Das Landesgericht Aachen verurteilte den 88-jährigen früheren SS-Mann.
In einem der wohl allerletzten großen NS-Prozesse in Deutschland ist der frühere SS-Mann Heinrich Boere zu lebenslanger Haft verurteilt worden. Das Aachener Landgericht sprach den 88-Jährigen am Dienstag des dreifachen Mordes für schuldig. Der Vorsitzende Richter Gerd Nohl sagte zu der Erschießung der niederländischen Zivilpersonen im Jahr 1944 in Breda, Voorschoten und Wassenaar bei Den Haag: "Es waren Morde, die an Niederträchtigkeit und Feigheit kaum zu überbieten waren - außerhalb der Anständigkeit eines jeden Soldaten."

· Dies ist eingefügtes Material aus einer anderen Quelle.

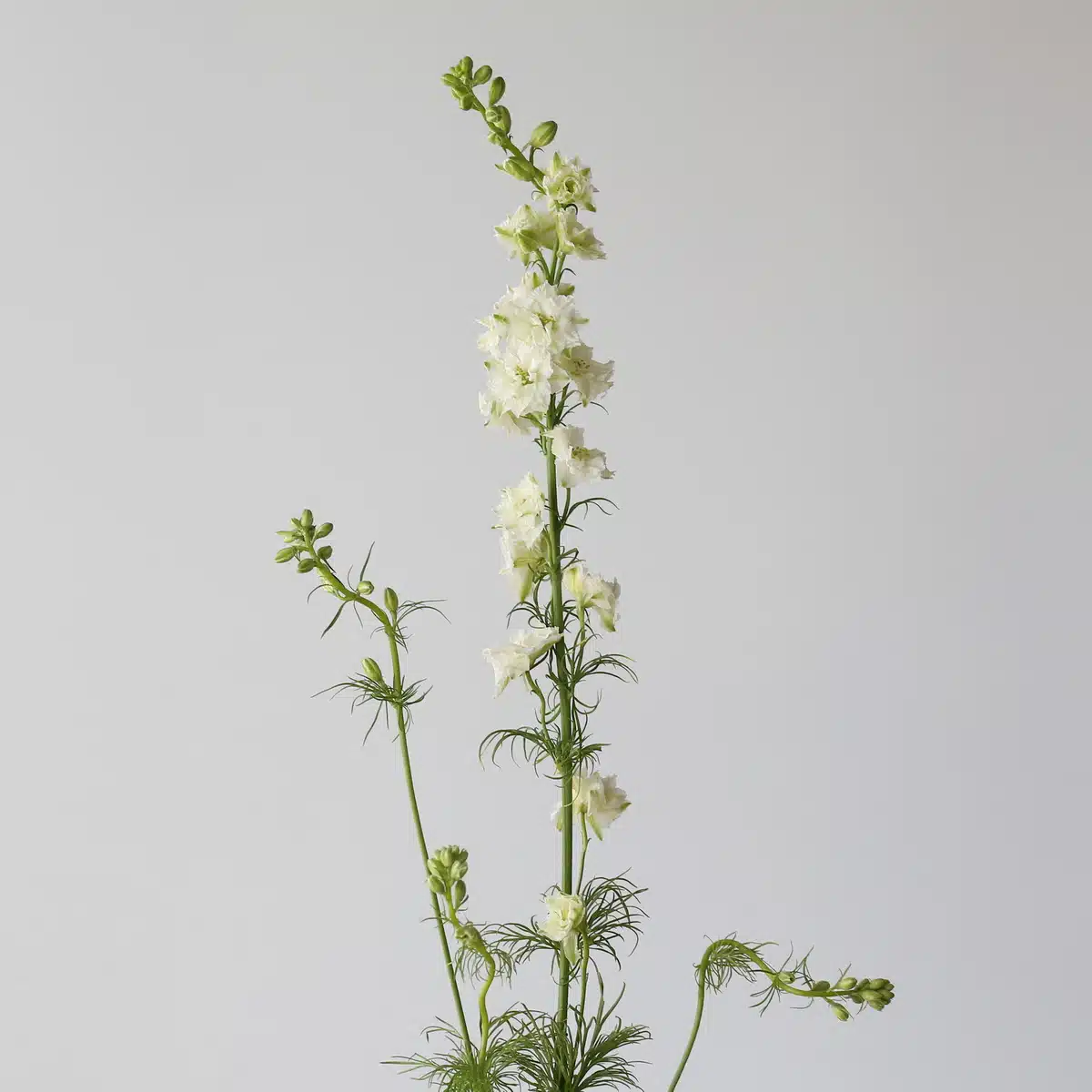 Enhance your floral arrangements with the graceful Delphinium Larkspur White, also available in, Pink, and Mauve. Known for its tall stems and delicate blooms, this versatile flower is ideal for bouquets, centerpieces, and event decor. Standing approximately 80 cm tall, its soft, romantic hues bring elegance and charm to any DIY floral project or seasonal arrangement. Available in bulk options of 10, 30, 60, 90, or 120 stems, Delphinium Larkspur adds a timeless touch to your creations. To guarantee availability, please place your order at least 2 weeks in advance.

Das Gericht folgte mit seinem Urteil der Forderung der Staatsanwaltschaft. Die Anklagebehörde hatte die Taten als heimtückische und meuchlerische Morde bewertet. Boere, Sohn einer Deutschen und eines Holländers, sei ein überzeugter Nazi gewesen und habe als Spion im Widerstand Landsleute ans Messer geliefert. Boere hatte die 19 Prozesstage im Rollstuhl sitzend verfolgt. Er hatte so gut wie nichts selbst gesagt.

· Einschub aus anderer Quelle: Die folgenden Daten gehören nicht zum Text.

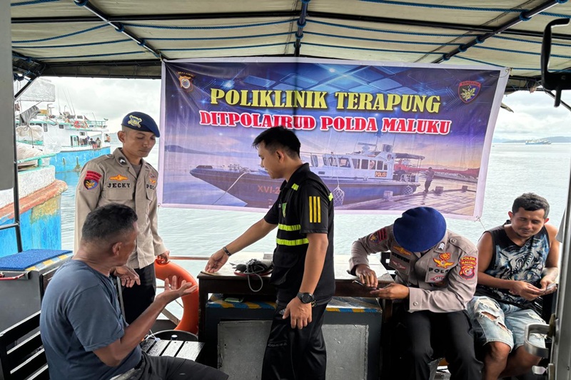 MALUKU- Kepolisian Daerah Maluku melalui Crew KP. XVI – 2012 Direktorat Polairud Polda Maluku bersama Bidang Dokkes Polda Maluku melaksanakan kegiatan klinik terapung, atau pemeriksaan kesehatan masyarakat secara gratis.

"Habe gelernt, Befehle auszuführen"
Boere hatte
vor Gericht die Tötungen zugegeben. In einer von seinem Verteidiger
verlesenen Erklärung beteuerte der Angeklagte allerdings, als Mitglied des
SS-Killerkommandos "Feldmeijer" der "Germanischen SS in den Niederlanden" in
Befehlsnotstand gehandelt zu haben. Er habe damals nicht in dem Bewusstsein
gehandelt, ein Verbrechen zu begehen. "Als einfacher Soldat habe ich
gelernt, Befehle auszuführen, und wusste, dass ich bei Nichtbefolgen eines
Befehls meinen Eid brechen und selbst erschossen werden würde",
argumentierte er.
Boeres Verteidiger hatten die Einstellung des Verfahrens verlangt - oder im Falle einer Verurteilung eine Höchststrafe von sieben Jahren. Ihr Mandant sei für seine Taten bereits nach Kriegsende in den Niederlanden verurteilt worden. Der Prozess verstoße damit gegen des Verbot der Doppelverfolgung. Boere hat die damals verhängte Strafe allerdings nie verbüßt. Trotzdem dürfe er nicht noch einmal verurteilt werden, hatten die Verteidiger mit Hinweis auf die neue Grundrechte-Charta der EU argumentiert. Bei einem Schuldspruch müssten Mediziner zudem den 88-Jährigen erst für haftfähig erklären.